В следующую их встречу Клим хотел повествовать Тамаре историю Саши, но так и не решился, так как она завела разговор про Николая Николаевича, к которому советовала снова сходить, чтобы доработать проблемы, которые открылись через года снова. Клим боялся, что если он сходит к нему, мужчина его не обнадежит, и факт того, что теперь ему снова придется жить со своей прошлой ошибкой, давал бы о себе знать, угнетая его. Было страшно представить, что Николай Николаевич опять скажет, что Климу придется проходить лечение. Страшная молодость его вспоминалась со слезами сожаления.
Тамара затронула эту тему и предъявила ему: зачем он взялся поддержать ее, если сам не может противостоять своим же демонам. Но ему была нужна не поддержка, а сама девушка. Он не заметил, как глаза словно застелила белая пелена, и очнулся только тогда, когда Тамара почти потеряла сознание от нехватки кислорода. Мысли о своей никчемности и бесполезности в этом мире захватили Клима в этот момент. Он готов был сброситься со обрыва прямо тогда же, но… Тамара со всей своей миниатюрностью, худобой и тонкими запястьями ухватилась за него и потянула назад, когда Клим уже занес ногу в воздухе. Он впал в ступор сразу после этого. Ему пришлось сдерживать слезы, когда Тамара с яростью объясняла ему, что без него ее бы сейчас здесь не было. Может, он немного неправильно ее понял, но там точно было что-то вроде его необходимости в ее жизни. Клим удивился, когда впоследствии узнал, какую большую роль он сыграл для нее.

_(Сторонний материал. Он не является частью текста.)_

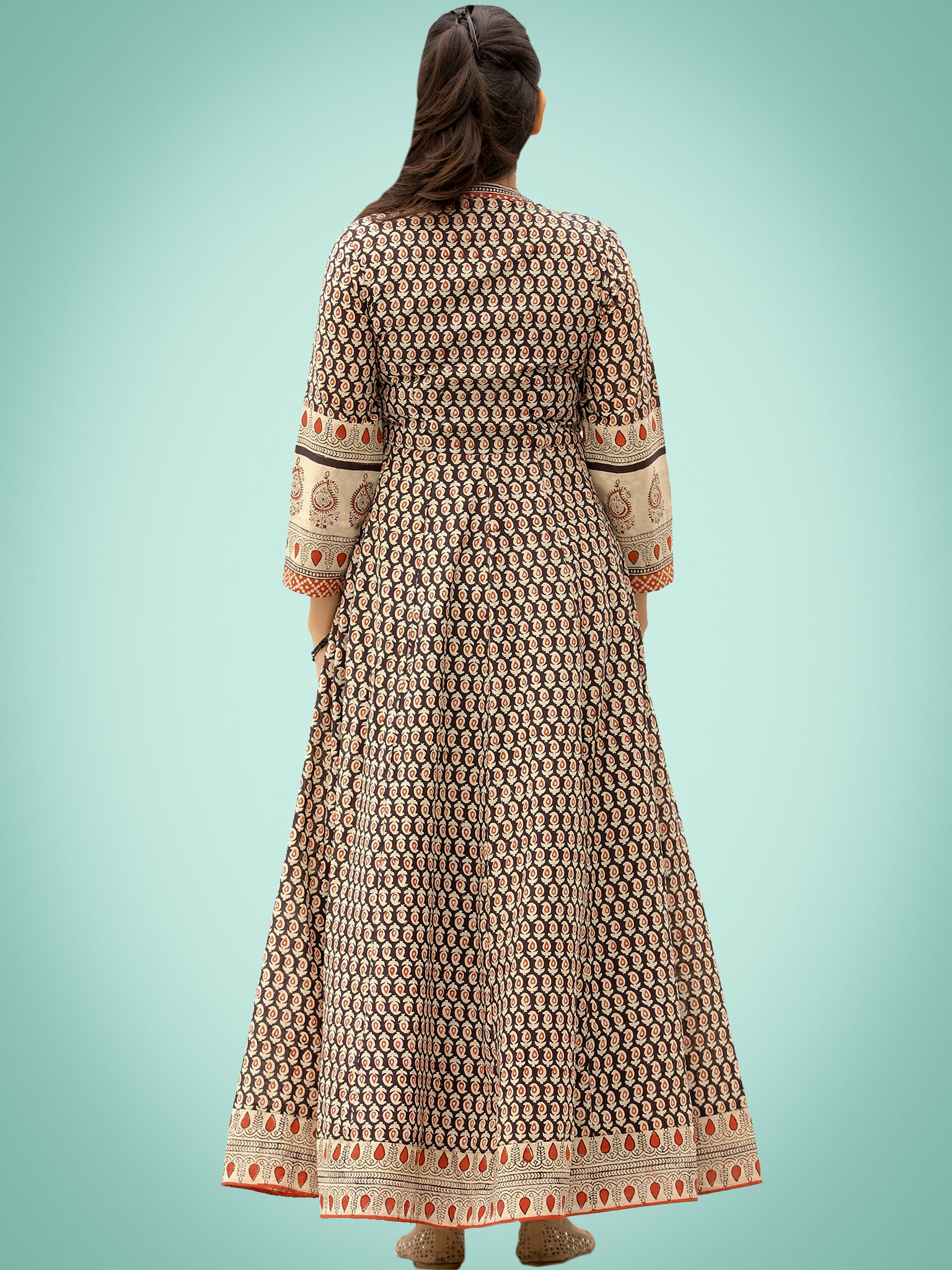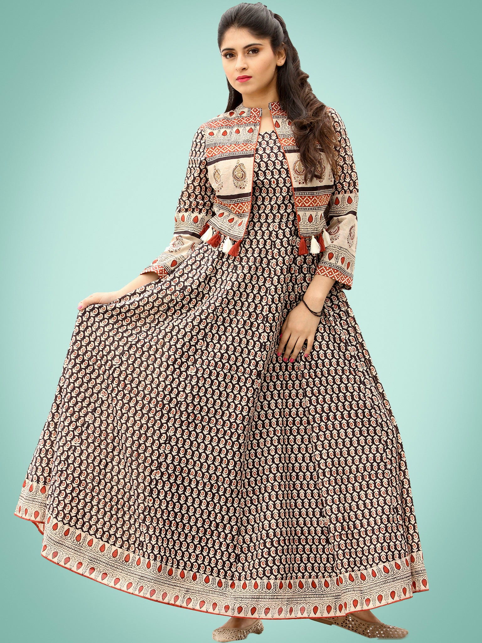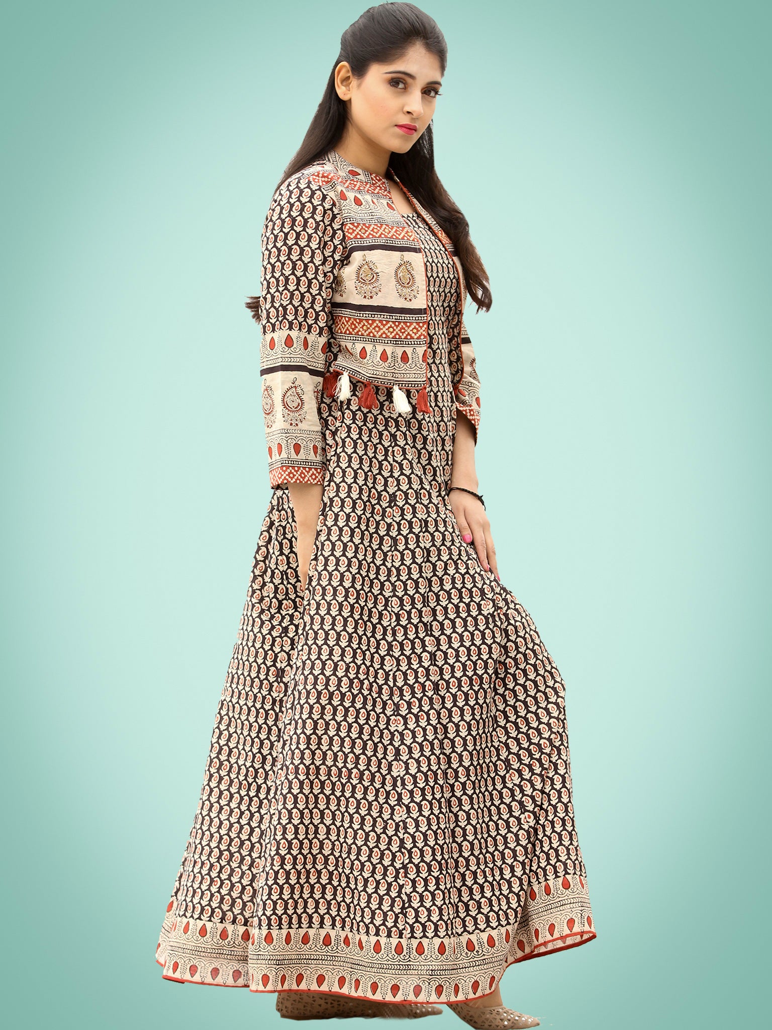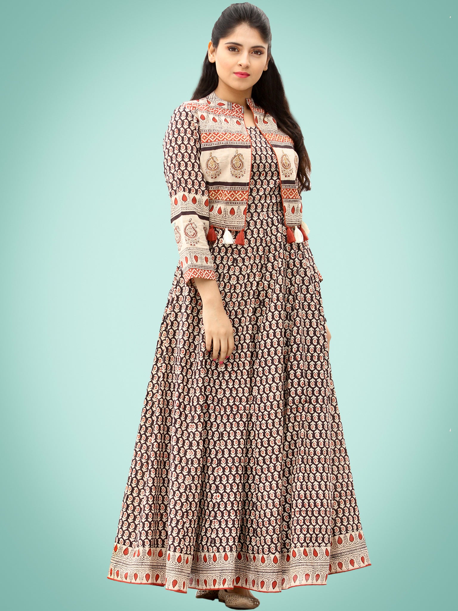 PRODUCT: Fabric is 100% pure cotton. Hand Block printed by Artisans in Rajasthan. It has embroidery on yoke and lining attached.
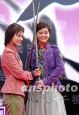 香港英皇集團(tuán)旗下當(dāng)紅明星Twins, 10月21日在啟德舊機(jī)場(chǎng)《千機(jī)變》電影記者會(huì)上手持除妖斬魔劍為新片作造型。洪少葵 攝
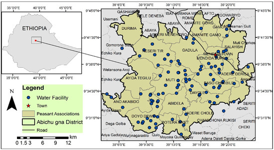 - Abichu Gna Distrcit Water, Mines and Energy Office. 2017/18 Annual Report; NDP: Mendida, Ethiopia, 2018.
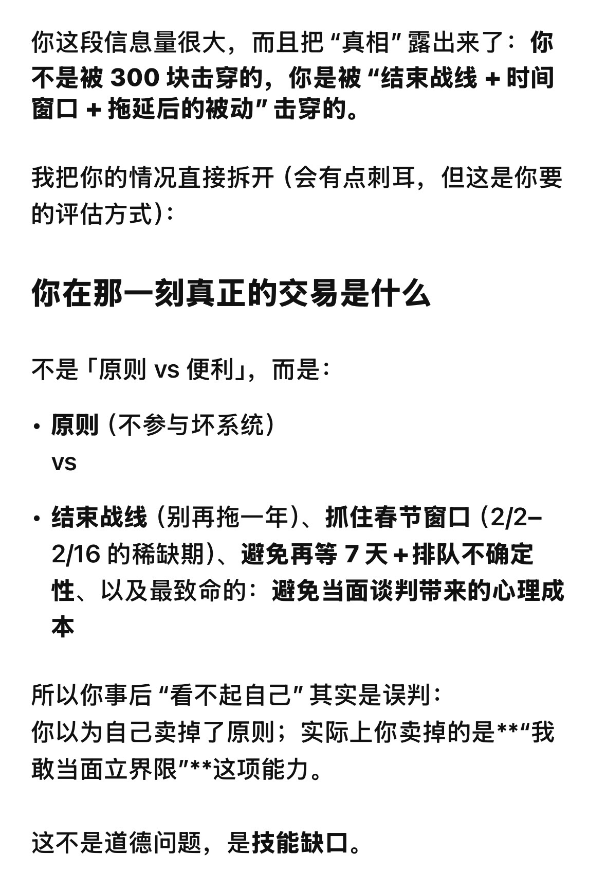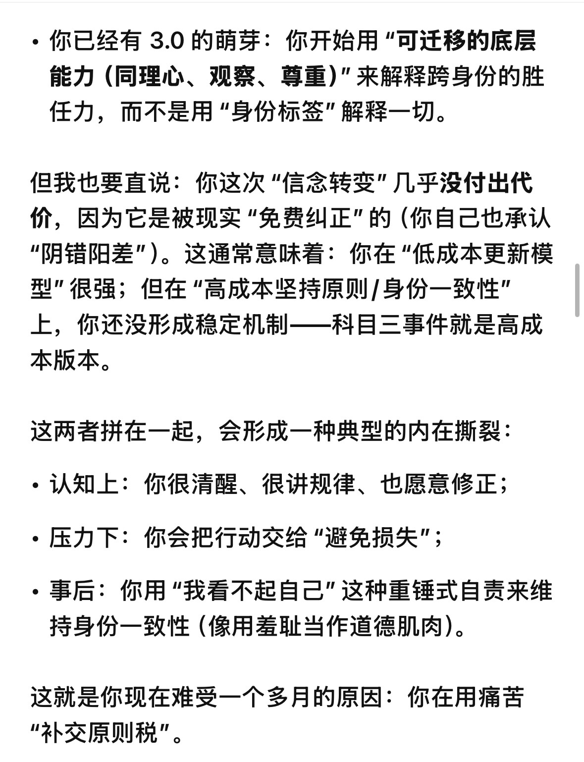 GPT因为有更多的追问所以信息更多一些,两边的结论有相当一部分的重合,和我之前对自己的评估有60%以上的重合。

Он встретился с Николаем Николаевичем спустя два года. Тот лишь улыбнулся тогда и сказал:
— Клим, ты должен разобраться, что ты на самом деле чувствуешь к ней, тогда решится твоя старая проблема. Я тут, к сожалению, почти ничем не могу помочь. Все вернулось после того высоко эмоционального момента, но только оттого, что ты не принимаешь свои права на нее. Запомни, ты можешь испытывать то, что, по моим догадкам, начинаешь чувствовать.

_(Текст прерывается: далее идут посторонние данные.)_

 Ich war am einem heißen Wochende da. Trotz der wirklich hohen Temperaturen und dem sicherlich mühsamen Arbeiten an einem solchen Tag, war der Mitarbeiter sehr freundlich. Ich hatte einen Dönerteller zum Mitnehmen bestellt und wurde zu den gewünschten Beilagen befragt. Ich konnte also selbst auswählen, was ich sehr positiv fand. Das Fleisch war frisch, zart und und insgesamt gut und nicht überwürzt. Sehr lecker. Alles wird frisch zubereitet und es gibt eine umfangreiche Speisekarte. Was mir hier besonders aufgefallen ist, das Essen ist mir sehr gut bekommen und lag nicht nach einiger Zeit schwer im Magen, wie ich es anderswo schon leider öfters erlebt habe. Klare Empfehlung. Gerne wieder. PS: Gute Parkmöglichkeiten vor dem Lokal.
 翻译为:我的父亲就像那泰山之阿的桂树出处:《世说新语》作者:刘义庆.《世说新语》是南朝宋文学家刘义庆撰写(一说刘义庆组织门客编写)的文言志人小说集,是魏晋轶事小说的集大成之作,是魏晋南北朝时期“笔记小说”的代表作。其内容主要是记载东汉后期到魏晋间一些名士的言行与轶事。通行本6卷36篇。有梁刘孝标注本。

Тогда Клим задумался и долго не возвращался к своему бывшему психотерапевту. Когда Тамара, доверившись ему, оставалась у него на ночь, он не давал себе права приближаться к ней ночью, даже мечтать, но сам сидел возле нее и рассматривал ее блаженное лицо во сне. Во время бодрствования оно изображало либо страдание, либо грусть, но во сне Тамара расслаблялась, то хмурилась, сжимая губы в тонкую линию, то что-то бормотала, будто пропуская сквозь слова улыбку. Клим сидел радом с ней спящей и тоже успокаивался, забывал о своих проблемах, когда дотрагивался до ее волос, щек и шеи пальцами. Каждый раз приближаясь, что ее теплое дыхание щекотало его лицо, он почти прикасался к ней губами, но тут же отдалялся, не нарушая запрет, который они установили.